MOTIFS DE LA DÉCISION :

En droit, constitue un avantage en nature soumis à cotisation sociale, la fourniture ou la mise à disposition directe ou indirecte d'un bien ou d'un service par l'employeur permettant au salarié de faire l'économie de frais qu'il aurait du normalement supporter.

En l'espèce les salariés de la société CEGETEL SERVICE bénéficiaient de tarifs préférentiels pour leurs abonnements de téléphonie mobile selon une offre spéciale dite " collaborateur CEGETEL " consentie par la société SFR.

La société CEGETEL SERVICE ne conteste plus devant la cour que le fait que ces tarifs réduits aient été consentis par une société tiers est sans incidence sur le redressement puisqu'ils constituaient un accessoire du contrat de travail, étant exclusivement accordés aux salariés de la société CEGETEL SERVICE ayant une ancienneté de plus de 6 mois, avec résiliation de l'offre préférentielle le lendemain de la fin du contrat de travail.

La société CEGETEL SERVICE invoque un accord implicite de l'URSSAF pour exclure cet avantage de l'assiette des cotisations, qui aurait été donné lors d'un précédent contrôle suivant des lettres des 23 janvier et 12 juillet 2001. Il résulte de ces courriers et de ceux émanant de la société CEGETEL SERVICE et de la société SFR, pris en considération par l'organisme lors du contrôle de 2001, que l'URSSAF s'est déterminée au vu des seules affirmations de la société SFR indiquant que, pour les tarifs consentis aux salariés de la société CEGETEL SERVICE, sa marge était semblable à celle dégagée par les tarifs " grand public " ou " grands comptes ", ce dont l'URSSAF a déduit que l'avantage était minime et ne pouvait pas être considéré comme relevant des avantages soumis à cotisations sociales.L'URSSAF précisait néanmoins dans sa lettre du 12 juillet 2001 qu'elle entendait pour l'avenir disposer de chiffres précis permettant de cerner la réalité de la faiblesse de l'avantage consenti. Il s'ensuit que l'organisme, qui ne disposait pas en 2001 de tous les éléments d'appréciation pour se déterminer, n'a pas pris de position définitive l'engageant pour l'avenir.
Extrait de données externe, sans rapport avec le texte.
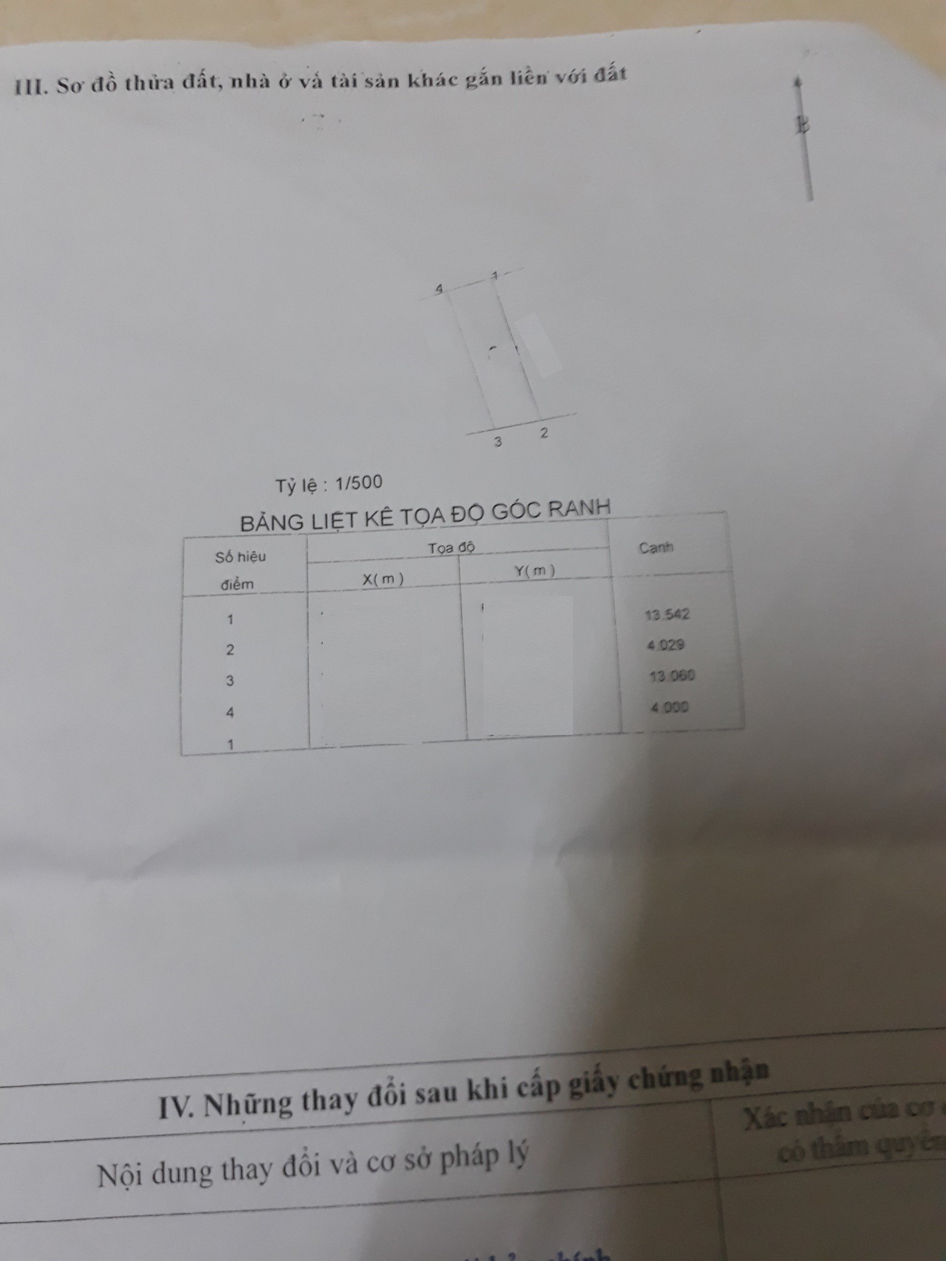 * Diện tích đất ODT: 53.2m2 (ngang 4m x dài 13.5m)

En application de l'article 5 de l'arrêté ministériel du 9 janvier 1975, l'estimation des avantages en nature, autres que la nourriture et le logement, est faite d'après leur valeur réelle.

Il résulte des dispositions de l'article R 242-5 du Code de la Sécurité Sociale que le montant des cotisations ne donne lieu à une fixation forfaitaire que dans l'hypothèse où l'employeur n'a pas fourni tous les éléments de comptabilité permettant de chiffrer de façon exacte le montant de l'avantage en nature.
En l'espèce, la société CEGETEL SERVICE a fourni dans un premier temps, ainsi qu'il résulte du courrier de l'URSSAF du 30 juillet 2003, une liste des tous les salariés de l'entreprise sans distinguer ceux de Poitiers, sans préciser la valeur des deux tarifs privilégiés et sans indiquer si les salariés étaient encore présents dans l'entreprise.L'URSSAF a pu établir ensuite en se déplaçant sur le site une liste des salariés concernés avec les abonnements souscrits. Les tarifs consentis étaient les suivants :

-offre dite F48 de 4 heures par mois (2 heures 7 jours sur 7 et 2 heures pendant les fins de semaines) de 7 € TTC, au lieu de 34,91 €,

-offre dite K02 de 8 heures par mois (4 heures 7 jours sur 7 et 4 heures pendant les fins de semaines) de 22 € TTC au lieu de 57,78 €.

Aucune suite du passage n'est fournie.